В 1949-м, в год моего рождения, с помощью работавшей уже дочери Веры купил домик, собранный японскими пленными, на улице Ремзаводская. Пристроил к нему кладовку, кухню и веранду, поставил сарай и сеновал. Обзавелся коровой, поросенком, курами и гусями. Курей и гусей было много, поросенок один и корова одна – родная рабоче-крестьянская власть заботливо ограничивала, чтоб не разжирели.
Умер, не дожив нескольких дней до девяностолетия.
Перечень этот звучит сурово. Для меня. Для деда – не знаю. Похоже, он не сравнивал. Не тратил на это сил. Он жил.

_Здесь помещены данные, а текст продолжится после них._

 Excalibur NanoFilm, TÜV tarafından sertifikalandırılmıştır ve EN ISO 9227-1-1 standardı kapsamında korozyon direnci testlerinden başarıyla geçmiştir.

При доме на Ремзаводской улице был огород, спускавшийся к оврагу, за оврагом луг, за лугом – Ремонтный завод (Ремзавод). Огород огромный, соток десять. С него кормились. С него и торговали. А на лугу за огородом пасли гусей (я пас тоже). На Ремзаводе ремонтировалась военная техника, и под заборами его снаружи была, естественно, свалка – отсюда в хозяйство шел металл: проволока, куски труб, куски кровли, штыри и т. д. и т. д. Дальше, за болотом, которым кончался луг, работал когда-то кирпичный заводик, – битый кирпич, естественно, не вывозился, и это тоже было прибавлением к хозяйству. Как и доски с топливного склада, которыми закладывали щели в вагонах с углем. И еще – возле речки за конюшней была лесопилка, откуда с мая по октябрь переносились в мешке обрезки, обрубки и прочая древесная труха на дрова для зимы. Уголь деду выписывали на его топливном складе бесплатно как грузчику. Из денежных расходов на хозяйство был только расход на машину, чтобы перевести накошенное в сопках сено для коровы, да и то за машину иногда рассчитывались бабушкиной работой – она шила для солдат из воинской части, а солдаты-шоферы за это предоставляли машину.

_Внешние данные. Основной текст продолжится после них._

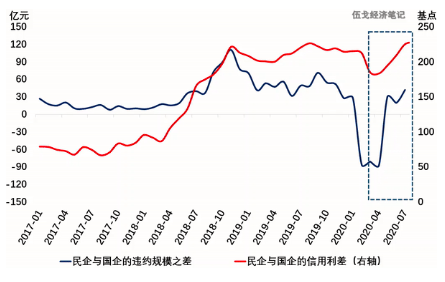 从企业的角度看,近期企业资金成本总体有所下降,但民企相对国企的债券融资成本等却仍在攀升。事实上,疫情以来民企相对国企债券违约规模大幅攀升,尤其批发零售等行业较为明显,民企的信用风险及融资成本显著抬升。这些都折射出疫情这种特殊冲击对民营和中小企业的影响明显大于其他企业。

Бабушку, говорливую и смешливую, я помню и рассерженной, и проклинающей власть и соседей. Деда – не помню. Дед до этого не снисходил. Он знал, что если холодно, надо надеть полушубок, а если жарко – снять рубаху. Вот максимум философии, которую он позволял себе. Тот мускулистый торс мужчины, который я увидел, был еще и своеобразной материализацией его жизненной философии. Можно сказать, что вся жизнь его была прежде всего мускульным усилием. То есть самым прямым, непосредственным креплением к жизни. Просто? Не уверен.
Я, например, долго не понимал, почему греки так ценили мускульную гармонию. Почему были так уверены, что она напрямую связана с гармонией душевной.
Похоже, они были правы. Читая про образование в Греции, начинавшееся с гимнастики («ловкосилия»), я вспоминал один зимний вечер у деда. Как я, разгоряченный толкотней на горке, устроенной нами под единственным на Ремзаводской электрическим фонарем на столбе, был вынужден вернуться домой – вдруг вырубилось, как часто бывало тогда, электричество, и игра потеряла смысл, – слишком тихо стало: синие сугробы под полной луной, промерзшее небо с редкими звездами. В окнах загорались слабые фитильки керосиновых ламп, и я из своего двадцатого века, вошел в темный деревенский дом с молчащим радиоприемником и бесполезной лампочкой под потолком. Свет был на столе в кухне, за высоким стеклом керосиновой лампы. Стол очищен – на нем толстая фанерка, разложены резаки, ножницы, шило, толстые иглы, дратва и т. д. А на полу вокруг дедовой табуретки – куча старых валенок, снятых с чердака, где они вязанками крепились к стропилинам. Бабушка что-то плавила в большой консервной банке на плите. Предстояла, как я понимал, починка валенок.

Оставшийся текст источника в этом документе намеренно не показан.